- WORK ITEM:
Nothing but the lines below from the one containing "- Includes two" through the one containing "Burton skap og" should appear in the answer, exact and without pictures.

- SOURCE MATERIAL:
- Opening Delimiter -
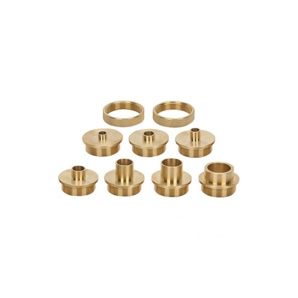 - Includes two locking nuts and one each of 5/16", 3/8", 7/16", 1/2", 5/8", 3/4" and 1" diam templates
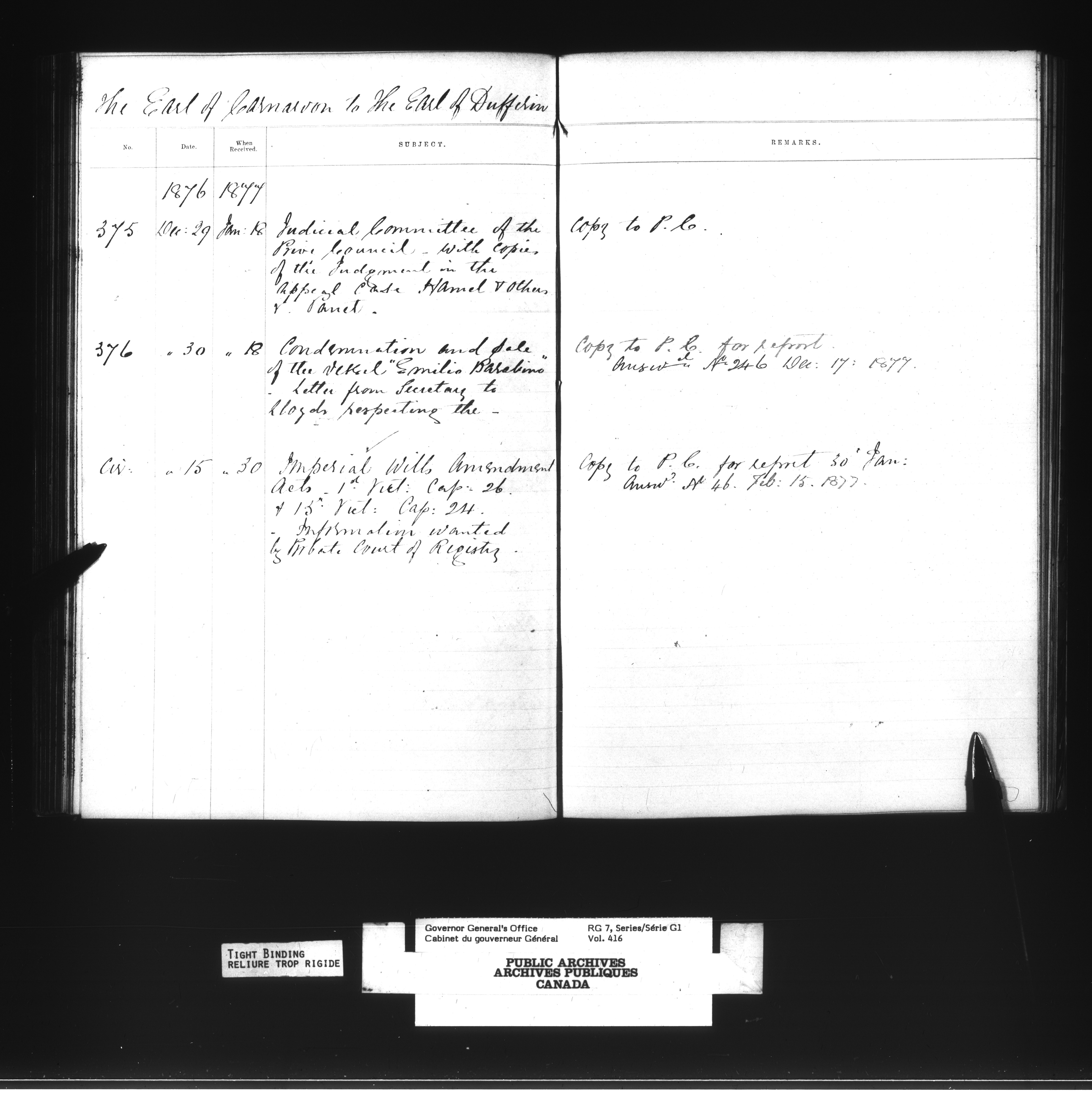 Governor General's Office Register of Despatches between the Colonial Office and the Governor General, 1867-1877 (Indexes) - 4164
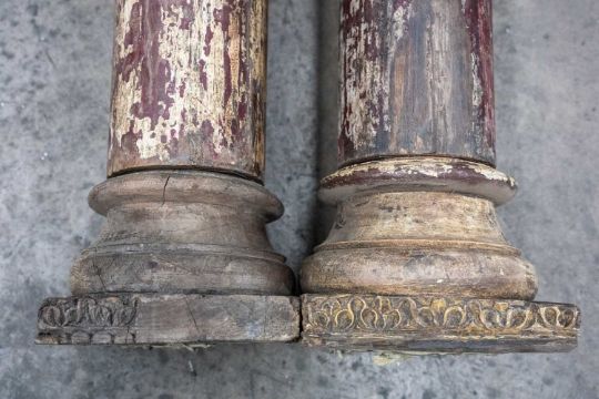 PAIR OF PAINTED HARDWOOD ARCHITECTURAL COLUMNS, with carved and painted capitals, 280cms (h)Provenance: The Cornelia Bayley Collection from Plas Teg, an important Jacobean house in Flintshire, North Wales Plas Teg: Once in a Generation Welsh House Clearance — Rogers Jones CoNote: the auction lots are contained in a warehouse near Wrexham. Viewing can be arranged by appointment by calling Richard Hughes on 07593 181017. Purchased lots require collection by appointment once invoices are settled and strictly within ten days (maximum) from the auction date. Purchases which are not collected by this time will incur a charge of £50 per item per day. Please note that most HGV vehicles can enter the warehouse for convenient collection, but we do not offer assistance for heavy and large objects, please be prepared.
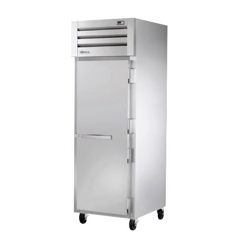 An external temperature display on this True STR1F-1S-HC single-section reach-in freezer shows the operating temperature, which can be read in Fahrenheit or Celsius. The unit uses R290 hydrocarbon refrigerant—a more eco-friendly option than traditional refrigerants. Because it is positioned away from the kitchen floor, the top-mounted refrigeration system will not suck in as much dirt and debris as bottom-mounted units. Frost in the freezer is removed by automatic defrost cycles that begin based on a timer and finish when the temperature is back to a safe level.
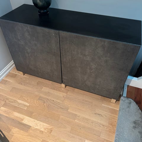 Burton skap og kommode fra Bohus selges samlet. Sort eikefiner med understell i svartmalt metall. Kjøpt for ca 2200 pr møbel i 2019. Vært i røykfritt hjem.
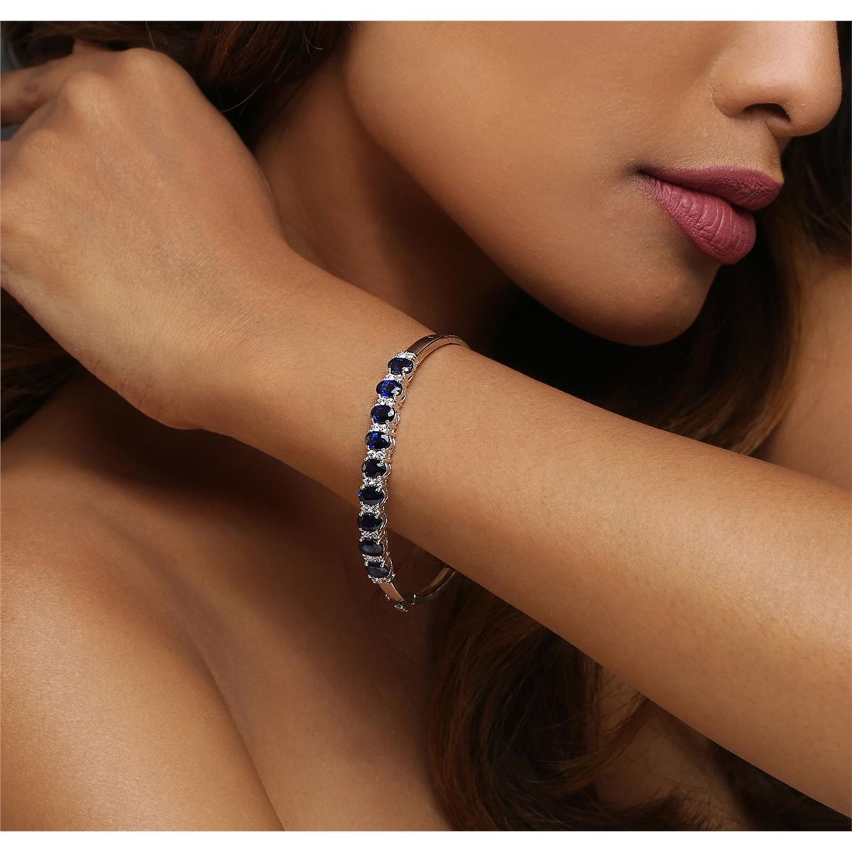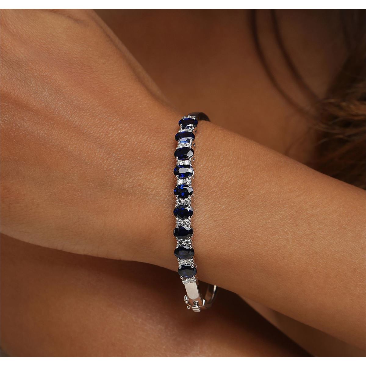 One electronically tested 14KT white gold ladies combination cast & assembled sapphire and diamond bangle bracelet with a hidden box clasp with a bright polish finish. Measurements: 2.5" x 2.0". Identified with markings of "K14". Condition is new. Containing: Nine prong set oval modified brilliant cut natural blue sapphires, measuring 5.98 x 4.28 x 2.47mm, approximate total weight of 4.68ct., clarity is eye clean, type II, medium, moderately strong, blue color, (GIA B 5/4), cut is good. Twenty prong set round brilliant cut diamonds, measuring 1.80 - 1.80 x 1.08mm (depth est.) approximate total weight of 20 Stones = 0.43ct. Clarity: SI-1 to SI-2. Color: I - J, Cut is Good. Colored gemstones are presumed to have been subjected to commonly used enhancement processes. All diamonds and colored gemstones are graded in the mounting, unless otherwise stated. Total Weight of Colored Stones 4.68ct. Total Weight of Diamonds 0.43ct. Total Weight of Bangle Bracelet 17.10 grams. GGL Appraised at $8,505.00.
- Closing Delimiter -
- Opening Delimiter -
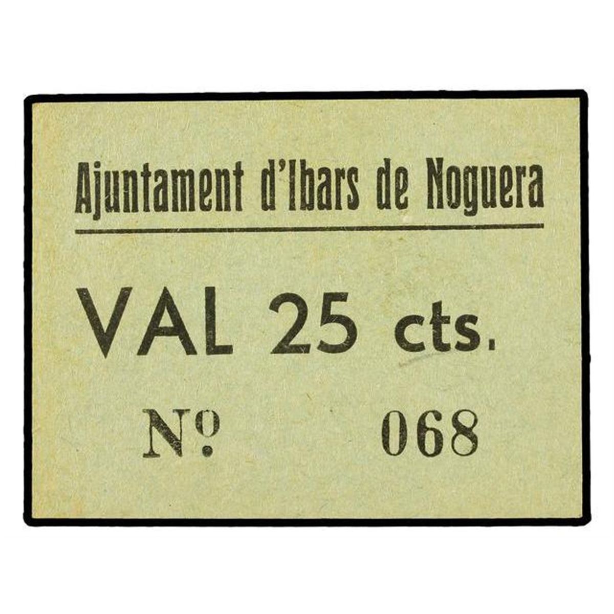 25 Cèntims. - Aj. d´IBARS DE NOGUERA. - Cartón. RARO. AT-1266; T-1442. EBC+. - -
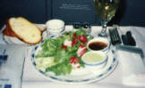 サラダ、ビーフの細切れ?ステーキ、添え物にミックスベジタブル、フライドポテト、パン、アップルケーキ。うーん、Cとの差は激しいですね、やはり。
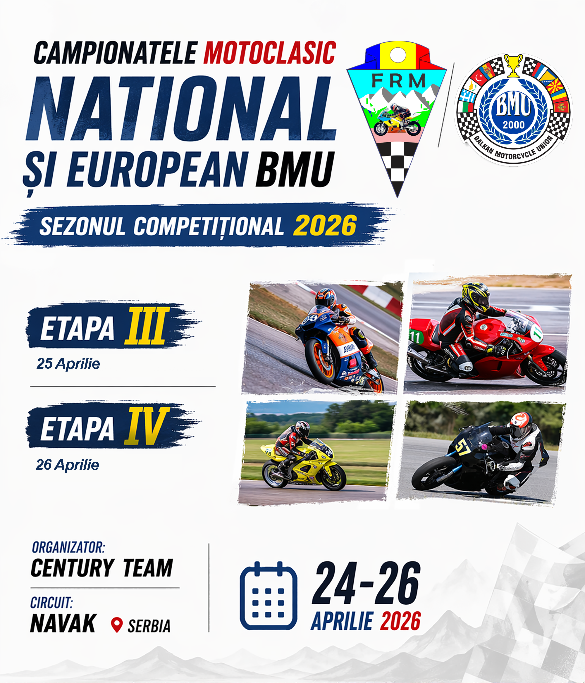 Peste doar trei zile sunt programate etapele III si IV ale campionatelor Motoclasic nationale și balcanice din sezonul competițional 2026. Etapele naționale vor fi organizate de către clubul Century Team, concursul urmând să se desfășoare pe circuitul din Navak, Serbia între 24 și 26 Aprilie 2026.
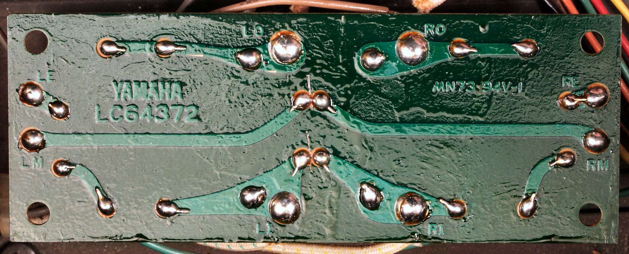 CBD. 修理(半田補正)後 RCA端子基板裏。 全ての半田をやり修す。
- Closing Delimiter -
- YOUR RESPONSE:
 - Includes two locking nuts and one each of 5/16", 3/8", 7/16", 1/2", 5/8", 3/4" and 1" diam templates
 Governor General's Office Register of Despatches between the Colonial Office and the Governor General, 1867-1877 (Indexes) - 4164
 PAIR OF PAINTED HARDWOOD ARCHITECTURAL COLUMNS, with carved and painted capitals, 280cms (h)Provenance: The Cornelia Bayley Collection from Plas Teg, an important Jacobean house in Flintshire, North Wales Plas Teg: Once in a Generation Welsh House Clearance — Rogers Jones CoNote: the auction lots are contained in a warehouse near Wrexham. Viewing can be arranged by appointment by calling Richard Hughes on 07593 181017. Purchased lots require collection by appointment once invoices are settled and strictly within ten days (maximum) from the auction date. Purchases which are not collected by this time will incur a charge of £50 per item per day. Please note that most HGV vehicles can enter the warehouse for convenient collection, but we do not offer assistance for heavy and large objects, please be prepared.
 An external temperature display on this True STR1F-1S-HC single-section reach-in freezer shows the operating temperature, which can be read in Fahrenheit or Celsius. The unit uses R290 hydrocarbon refrigerant—a more eco-friendly option than traditional refrigerants. Because it is positioned away from the kitchen floor, the top-mounted refrigeration system will not suck in as much dirt and debris as bottom-mounted units. Frost in the freezer is removed by automatic defrost cycles that begin based on a timer and finish when the temperature is back to a safe level.
 Burton skap og kommode fra Bohus selges samlet. Sort eikefiner med understell i svartmalt metall. Kjøpt for ca 2200 pr møbel i 2019. Vært i røykfritt hjem.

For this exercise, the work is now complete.